A new hire who notices their manager asks detailed questions in meetings and sends very detailed communication as well, can respond to their manager’s request for information in the same way. Rather than providing brief summaries, anticipate the type of questions your manager may ask, and be proactive about answering them early and often. Think about and anticipate what your manager may need before they ask you, and you will impress your manager and others on the team. 

Step 2: Establish Credibility and Reliability Early

Building credibility is more than being competent, building credibility also takes consistency. 

Some helpful ways to establish yourself as a credible employee:

  • Meet deadlines and follow through on small commitments
  • Ask clarifying questions early to avoid rework later
  • Take accountability and own any mistakes and show how you’ll prevent them next time

Also, being proactive and updating your boss ahead of them asking for anything will reduce the urge for micromanagement. Furthermore, and over time, these habits signal that you are a dependable person and don’t need to be checked on constantly. 

Step 3: Demonstrate You Can Work Autonomously 

Autonomy doesn’t mean you don’t need or want oversight, rather, it helps your manager free up some of their time when they are clear that you can handle the tasks and priorities at hand. 

When aiming for more autonomy, you could say something like: “I’ve handled similar reports before, would you be comfortable if I work on this one from start to finish? I’ll reach out ahead of the deadline with any questions or issues I’m unsure of.” 

If you’ve already been working to build your relationship with your manager, making a request like this will help to gradually widen the scope of the work you do, while not moving too far too fast. 

Step 4: Managing Micromanagement

Always assume good intent if you are being micromanaged. Many times a manager is curious about how things are going and they are hoping for high-quality output, not trying to control what you do and how you do it. 

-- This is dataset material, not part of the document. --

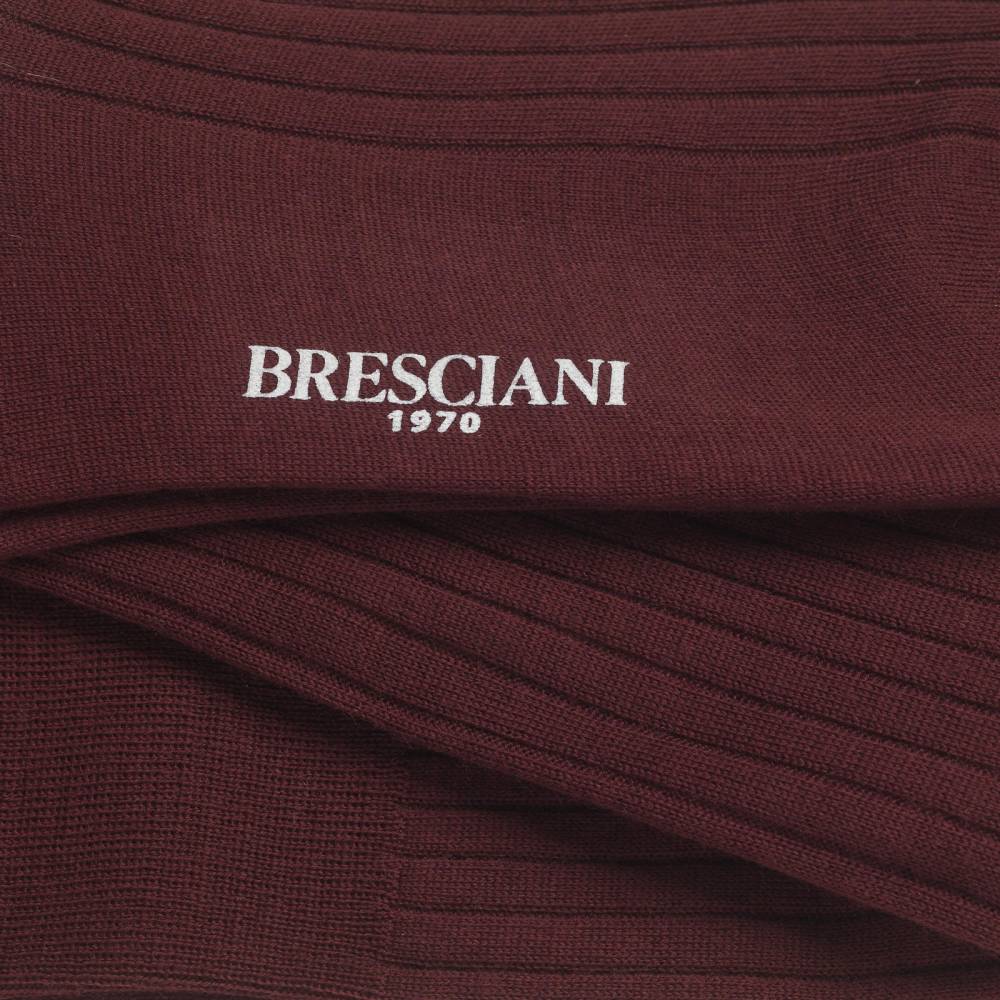 Бордовые шерстяные мужские гольфы Ascanio премиум-класса итальянской марки Bresciani. Пряжа сделана из шерсти австралийских овец-мериносов двойного кручения с добавлением полиамида для долговечности. Носки и гольфы изготавливают на итальянской фабрике Bresciani на станках с 200 иглами и более и применением ручного труда. Мысок присоединён к основной части кеттельным швом, выполненным на специальной машинке: такой шов практически незаметен и не доставляет дискомфорта.

Taking care to use language that works to build trust rather than responding defensively when you feel you are being micromanged is helpful. For example, if you have a weekly report due, and your manager is checking in for information more frequently, you could simply ask: Would it be helpful if I shared updates twice a week instead of on Fridays so you can see how things are going? It’s possible your manager is being asked for information from their own manager, and tweaking the process for your weekly report to a twice weekly reporting structure would make a big difference. 

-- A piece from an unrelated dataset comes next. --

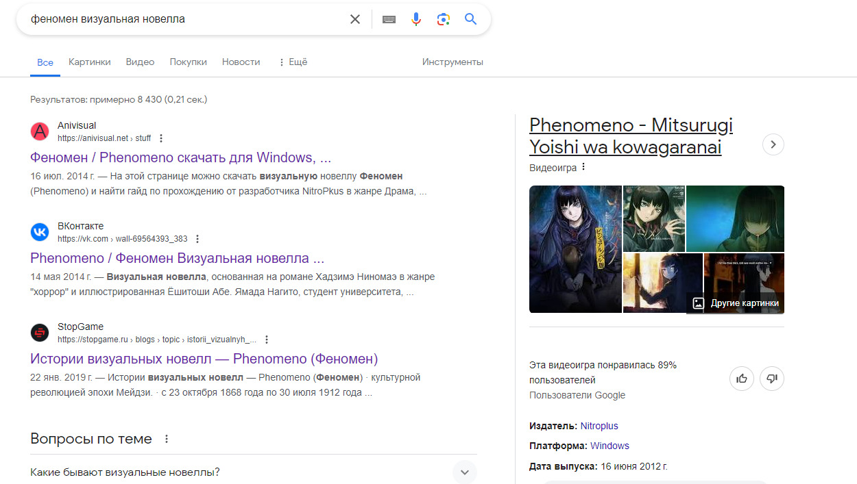@Jeos, спустя полгода отвечу. Визуальная новелла была создана для продвижения ранобэ и адаптировала пролог и первую главу первого тома. Я не знаю, откуда человек выше выдумал инфу про то, что ранобэ сделано по вн. Жаль конечно, что это всего лишь реклама оригинала, так как вн была действительно атмосферной, хоть и очень короткой.

It’s easy to get defensive when you feel like someone is looking over your shoulder and micromanaging you. Try to focus on results and accountability, rather than someone’s personal preference. It’s also helpful to take a pause when you notice yourself getting tense or frustrated about micromanagement and really evaluate what led to the feeling. Recognizing what triggers your frustration will help you manage it as you continue to grow in your career. 

Step 5: Keep Communication Transparent and Upward 

Proactive and ongoing communication is a key measure of success in any job, especially when trying to manage up. It isn’t something that you do once and move on. This is something that you want to continually be practicing throughout your career. As has been mentioned, regular check-ins are an important part of this. Make sure these are scheduled regularly so you have an opportunity to clarify expectations, share wins, and identify challenges on an ongoing basis. 

These check-ins also help you both align on goals, and allow you to use the time to demonstrate your strategic thinking beyond your role. The more you are able to show your manager you see the big picture, the more your manager will trust your judgement. 

Managing up early on in your career means understanding your boss, working to earn trust, and communicating proactively and strategically. Mastering this skill early will help accelerate your career growth, too. It’s how interns become full-time hires and entry-level employees become leaders. When you learn to do this, you really set yourself apart as someone who is ready for growth!